▸ Try it:
Your copy should hold every record exactly and no images.

▸ Records shown:

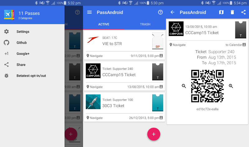 Displays esPass (*.esPass) and Passbook ( *.pkpass ) files & shows the Barcode ( QR, PDF417, AZTEC, Code 39 and Code 128 format ). It useable offline. When preparing for the Chaos Communication Congress 2012 ( #29c3 ) I stumbled upon a passbook file for the first time. As I really like the idea of paperless tickets as it saves time and trees which both are very valuable to me. The problem was that I found no app with which I could use the downloaded passbook file.
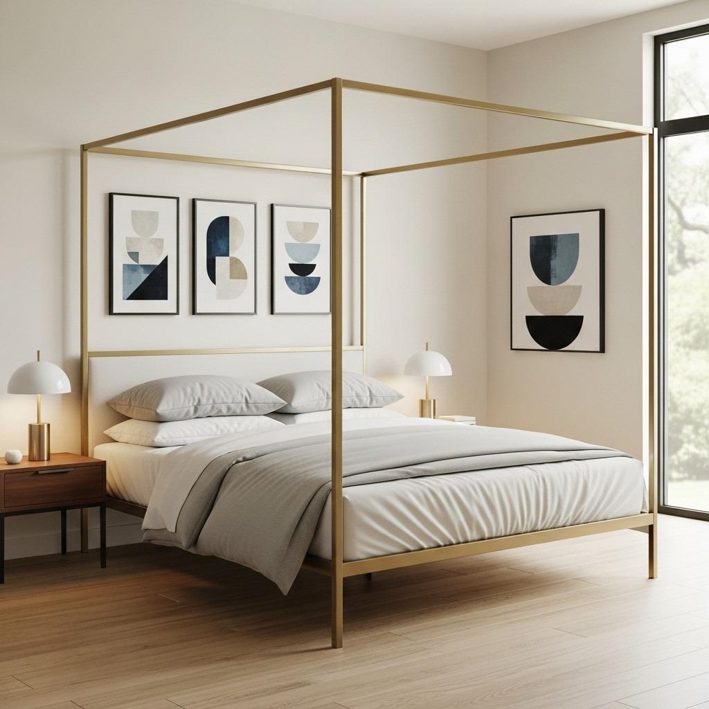 The beauty of brass is its versatility. In modern spaces, let the frame stand alone as sculptural art. In more traditional or transitional bedrooms, add flowing curtains to soften the look. The metal’s natural patina develops character over time, or you can maintain the polished shine with regular cleaning.
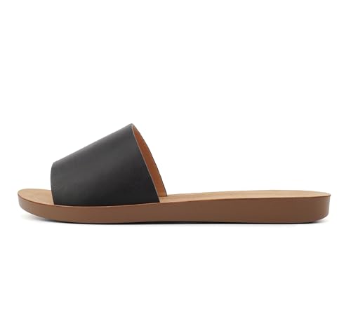 Soda Shoes Efron-S Women Flip Flops Basic Plain Slippers Slip On Sandals Slides Casual Peep Toe Beach (Black Pu, us_footwear_size_system, adult, women, numeric, wide, 7.5)
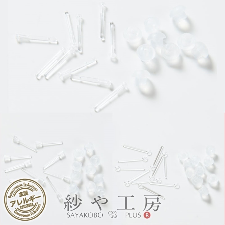 ピアスパーツ 樹脂 ポストピアス キャッチ付 【選べる3種】 クリア 5ペア 金属アレルギー対応 樹脂ピアス 樹脂製 アクセサリーパーツ
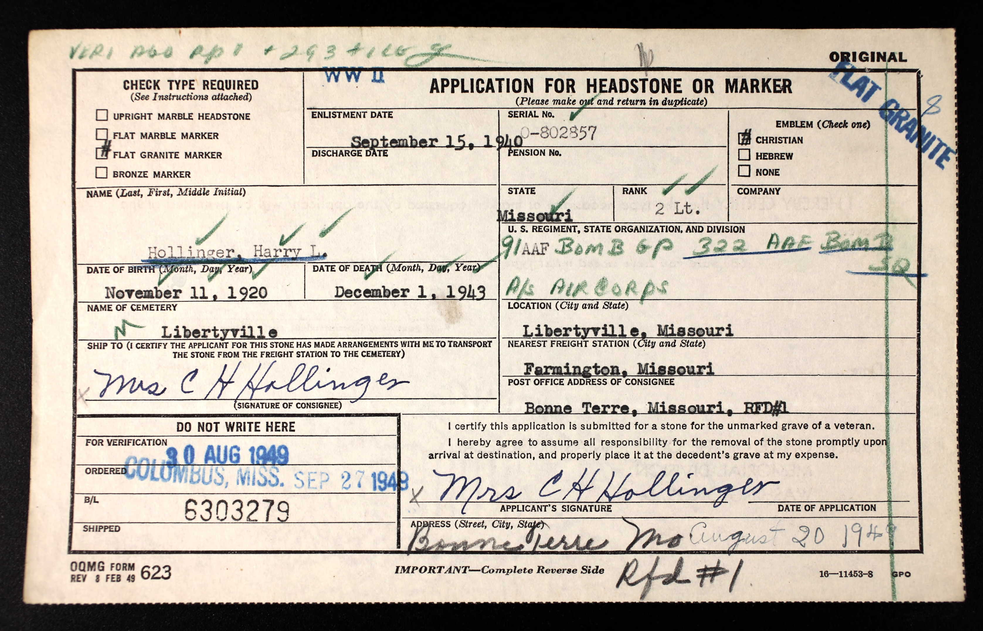 | Hollinger, Harry Leon | 11 Nov 1920 | 1 Dec 1943 | ||
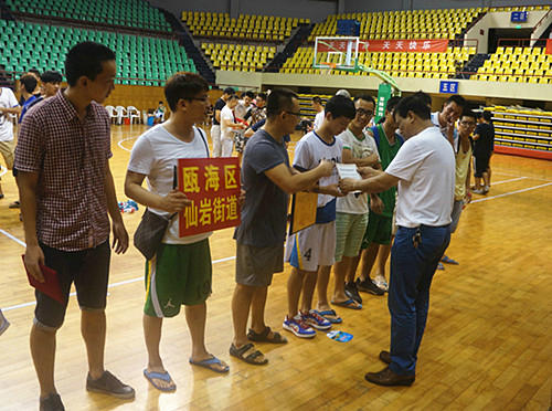 温州市体育局纪检组长彭永松为获奖队伍颁奖
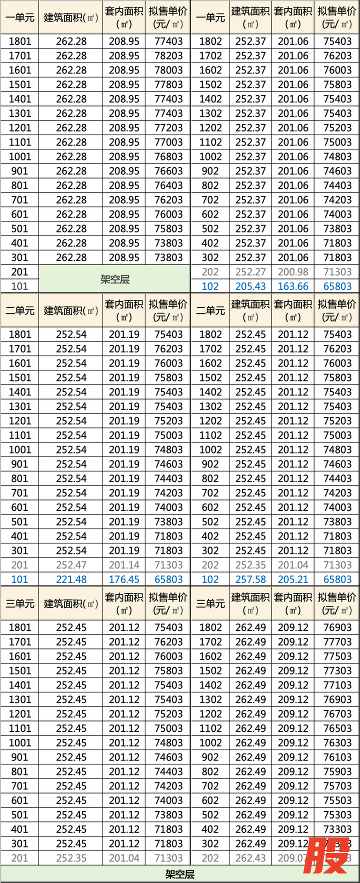 三个单元,边户建面约262㎡,中间户约252㎡。 拟售均价7.48万元/㎡。

▸ Response to this task:
 Displays esPass (*.esPass) and Passbook ( *.pkpass ) files & shows the Barcode ( QR, PDF417, AZTEC, Code 39 and Code 128 format ). It useable offline. When preparing for the Chaos Communication Congress 2012 ( #29c3 ) I stumbled upon a passbook file for the first time. As I really like the idea of paperless tickets as it saves time and trees which both are very valuable to me. The problem was that I found no app with which I could use the downloaded passbook file.
 The beauty of brass is its versatility. In modern spaces, let the frame stand alone as sculptural art. In more traditional or transitional bedrooms, add flowing curtains to soften the look. The metal’s natural patina develops character over time, or you can maintain the polished shine with regular cleaning.
 Soda Shoes Efron-S Women Flip Flops Basic Plain Slippers Slip On Sandals Slides Casual Peep Toe Beach (Black Pu, us_footwear_size_system, adult, women, numeric, wide, 7.5)
 ピアスパーツ 樹脂 ポストピアス キャッチ付 【選べる3種】 クリア 5ペア 金属アレルギー対応 樹脂ピアス 樹脂製 アクセサリーパーツ
 | Hollinger, Harry Leon | 11 Nov 1920 | 1 Dec 1943 | ||
 温州市体育局纪检组长彭永松为获奖队伍颁奖
 三个单元,边户建面约262㎡,中间户约252㎡。 拟售均价7.48万元/㎡。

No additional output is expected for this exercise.